Allocating the arrays takes time. The compiler is free to allocate the local arrays where-ever it wants, but it can typically be adjusted by compiler-specific flags. Use -fstack-arrays for gfortran to force local arrays to stack.

Allocating on the stack is just changing the stack pointer, it is virtually for free. Allocating on the heap, however, is more involved and requires some bookkeeping.

There are situations where local variables are in order and there are situations where global (module) variables are in order. One can also use local saved variables or variables that are components of some objects.

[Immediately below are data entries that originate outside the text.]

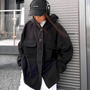 Model description: Functional spacious pockets, relaxed fit, dropped shoulders, belt, secured with two inner snaps
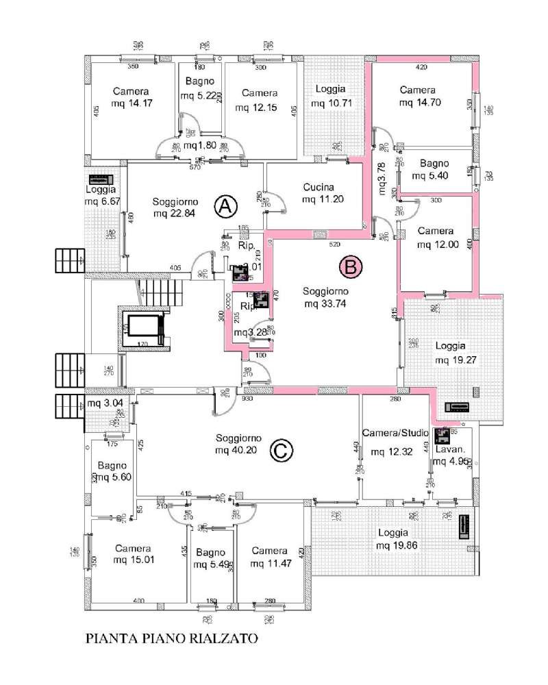 Soluzione al piano Terra Tipologia B : Trilocale composto da soggiorno con loggia di 19 mq, zona cottura, 2 camere, bagno, ripostiglio, disimpegno, box 282.000
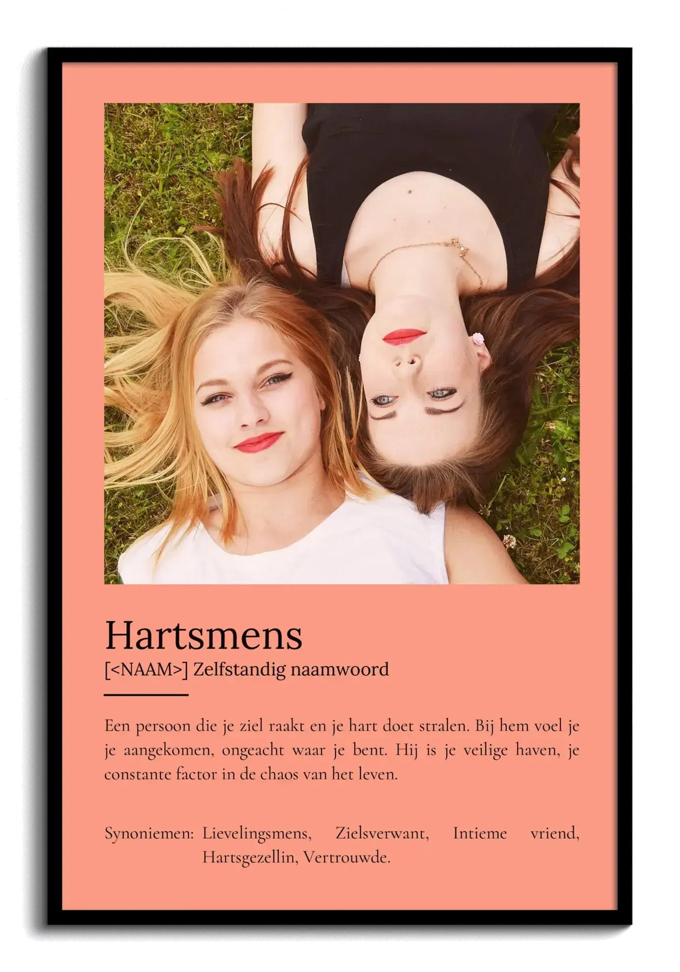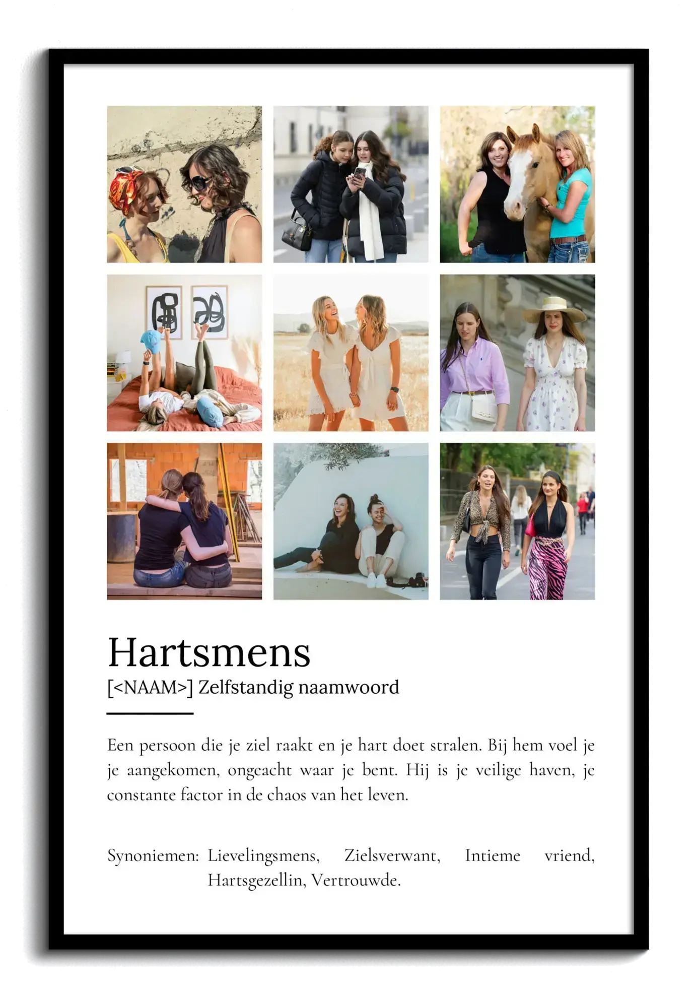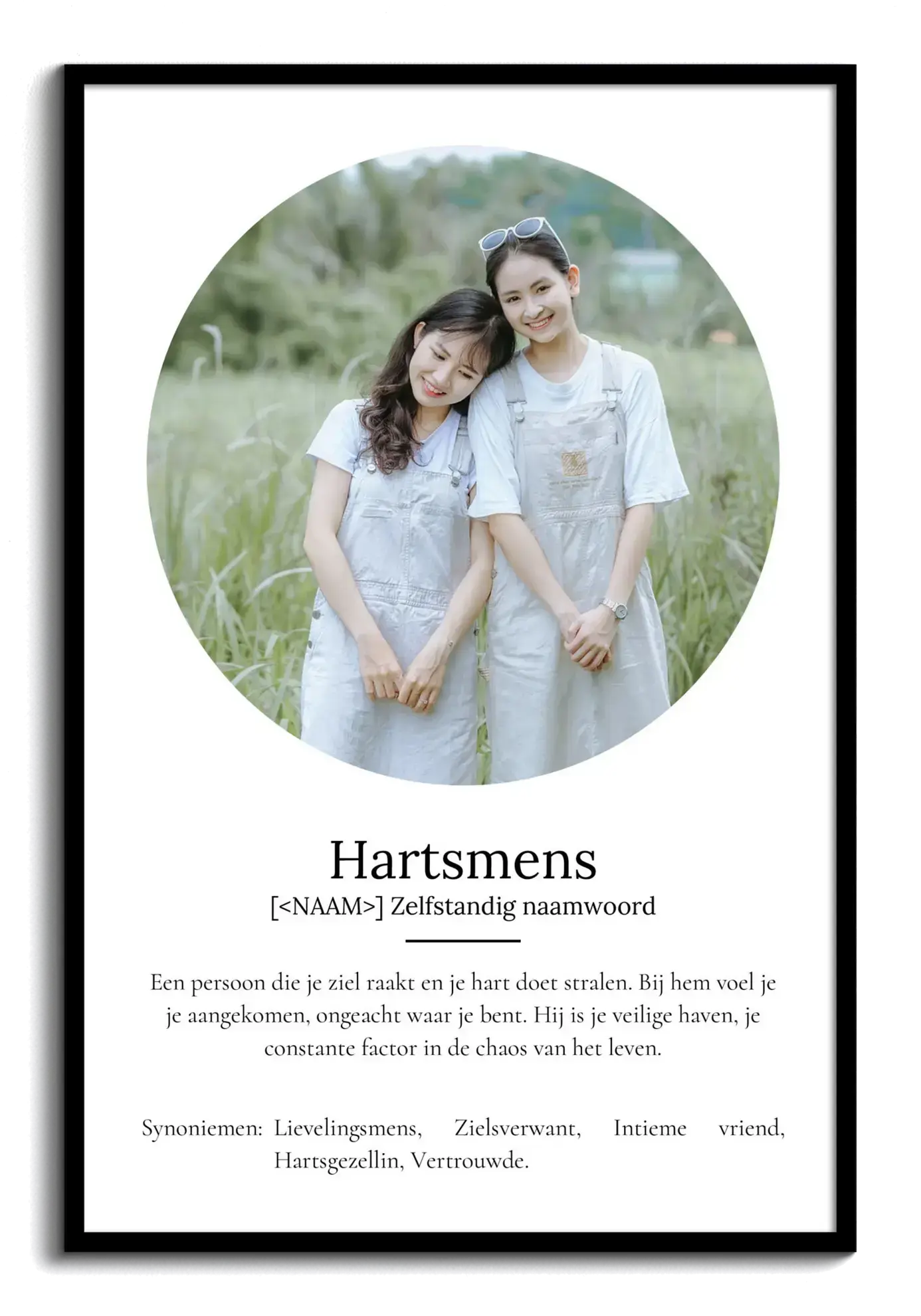 Personaliseerbaar Definitionsposter voor je 'Herzensmensch', met foto en hartverwarmende tekst.

One cannot say which one is better without seeing the complete design of the code in question.

FWIW, with -fstack-arrays I do not see much difference except when allocating explicitly using allocate():

Explicit allocate will always use the heap.

Without -fstack-arrays I do see some:

The graphs are quite noisy because my notebook is running many processes at the same time.

This is not to say that one should always use -fstack-arrays, I used to demonstrate the difference. The option is useful, but care must be taken to avoid a stack overflow error. -fmax-stack-var-size may help with that.